LA CRÍTICA DE LAS IDEOLOGÍAS

El Homo sapiens es un animal curioso ante todo; la curiosidad supone un prerrequisito de todo ser vivo para encarar de forma adecuada el ambiente. El conocimiento parte de una curiosidad selectiva ante la tarea de satisfacer las necesidades de manejar las florecientes y multifacéticas pulsiones. Disarmónicamente estructurado respecto a su entorno, el ser humano requiere intermediaciones, instrumentos (técnicas, símbolos, idiomas) para sobrevivir, atendiendo además a la posibilidad de transmitir a las siguientes generaciones para no tener que empezar desde el principio sino que cuenten  con los logros de los ancestros que han formado un hábitat artificial protector más adecuado que, al modificar la naturaleza, da como fruto la cultura en el sentido más amplio. Además, todo esto ocurre dentro de márgenes espacio-temporales; es decir, tiene historia. Cuando transforma las relaciones con el entorno (Huxley: umwelt), el ser humano incide en la configuración de su historia.

En cualquier sociedad se consolida, institucionaliza de forma inevitable cierta relación de dominio, donde el trabajo de las mayorías sirve para sostener los privilegios de las minorías.

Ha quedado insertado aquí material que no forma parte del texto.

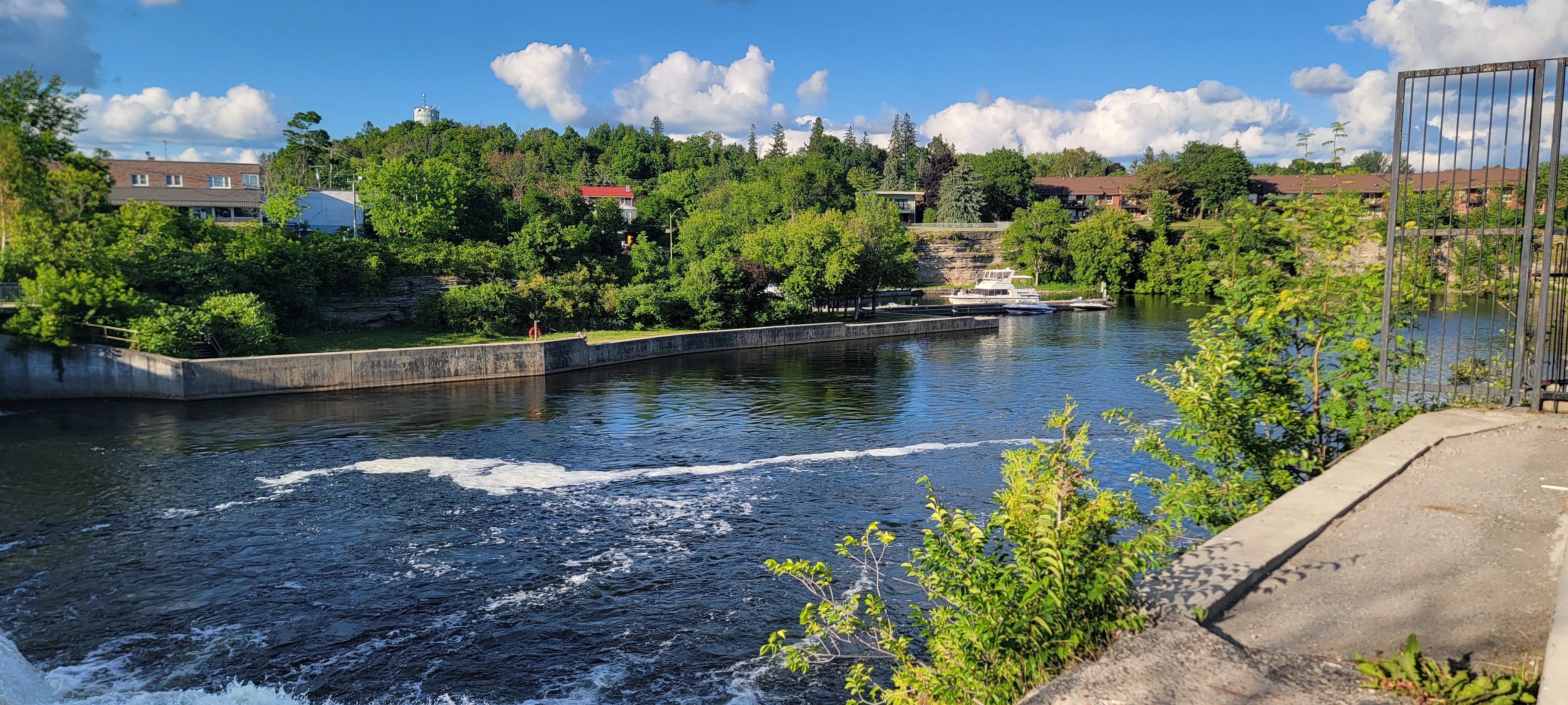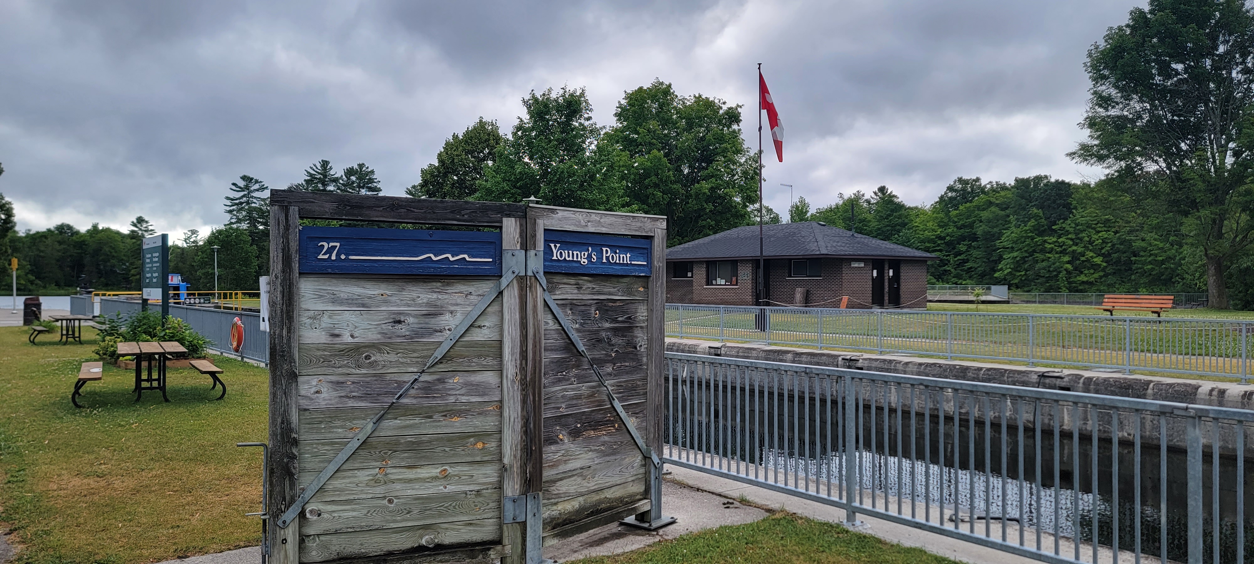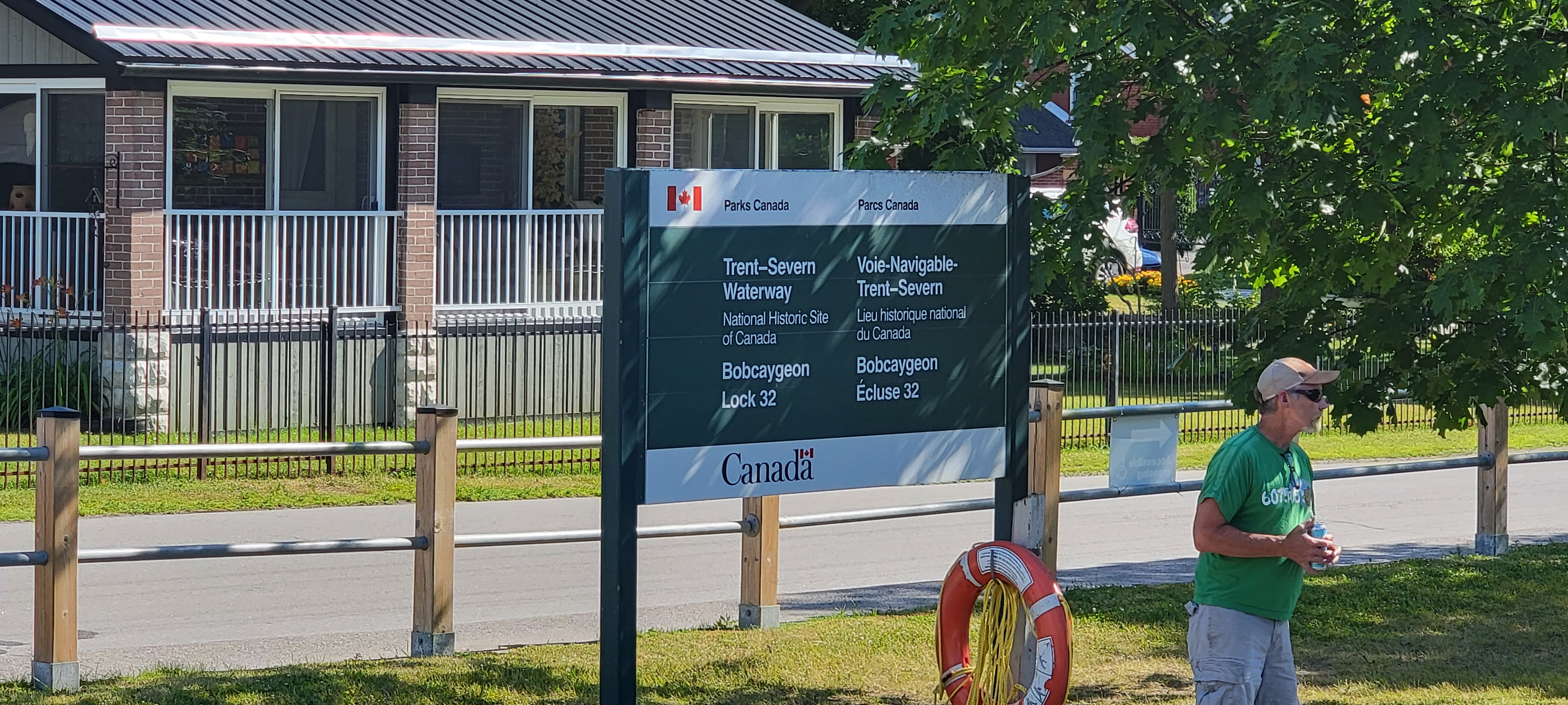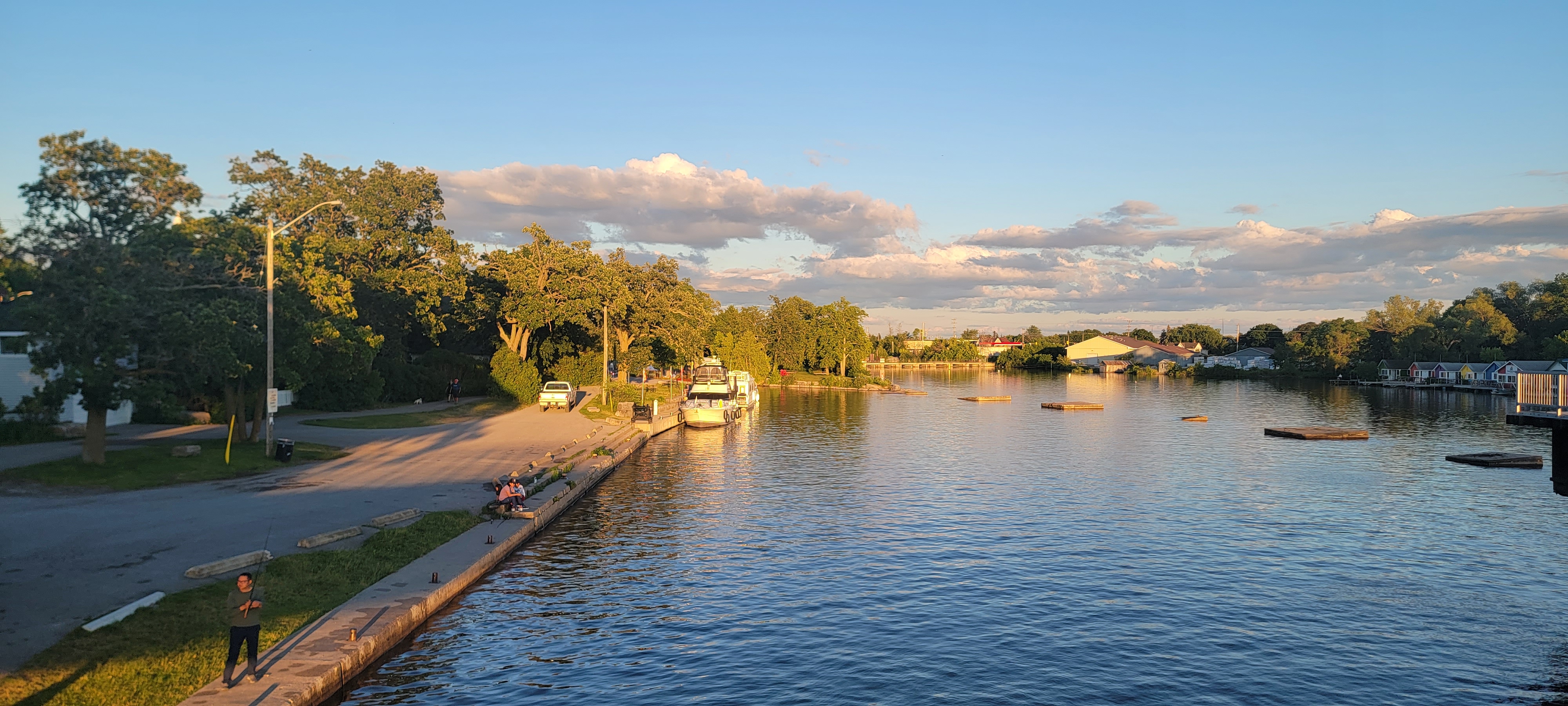 Bobcaygeon is the busiest lock on the system and in the heart of cottage country. It was very busy, but we did not have to wait long. Once we cleared the lock, we knew for certain that we could not make the next one in time. Lock 33 – Fenelon Falls – was 15 miles away. I called ahead to see if there was room on the grey line. The Lock Masters can’t reserve space for you, but they can tell you what is there at the time you call. The line was empty except for a couple of local cottagers who were sure to leave after dinner time.

Las ideologías (ontologías, weltbilder) diseñadas por sacerdotes e intelectuales de diversas culturas llevan consigo representaciones sociales que cumplen en secreto la función de configurar y legitimar (respectivamente mutar) la estructura entera de la vida social.

En el primer capítulo de El capital, Marx menciona a propósito de Aristóteles que incluso las mentes más brillantes no escapan de los límites impuestos por las relaciones sociales de su época. Aristóteles reconocía que, en las prácticas ordinarias del trueque, objetos muy diversos son considerados de valor equivalente; es decir, como mercancías. Luego añade que tal conmensurabilidad es “en realidad imposible”, pues contradice “la naturaleza real de las cosas”.1 Con este argumento, Aristóteles deja por terminado su análisis de cómo determinar el valor de las cosas. Marx añade que, como en la sociedad griega del siglo IV, basada en el trabajo de esclavos, la igualdad de todos los seres humanos y sus labores no pueden pasar a ser práctica ni teóricamente sostenibles. “El secreto de la expresión de valor, la igualdad y equiparación de valor de todos los trabajos, en cuanto son y por el hecho de ser todos ellos trabajo humano en general, sólo podía ser descubierto a partir del momento en que la relación social preponderante es la relación de unos hombres con otros como poseedores de mercancías”.2 Aristóteles no podía señalar aún qué era lo “en verdad equivalente” entre las distintas mercancías equiparadas: el trabajo humano abstracto invertido y acumulado en ellas.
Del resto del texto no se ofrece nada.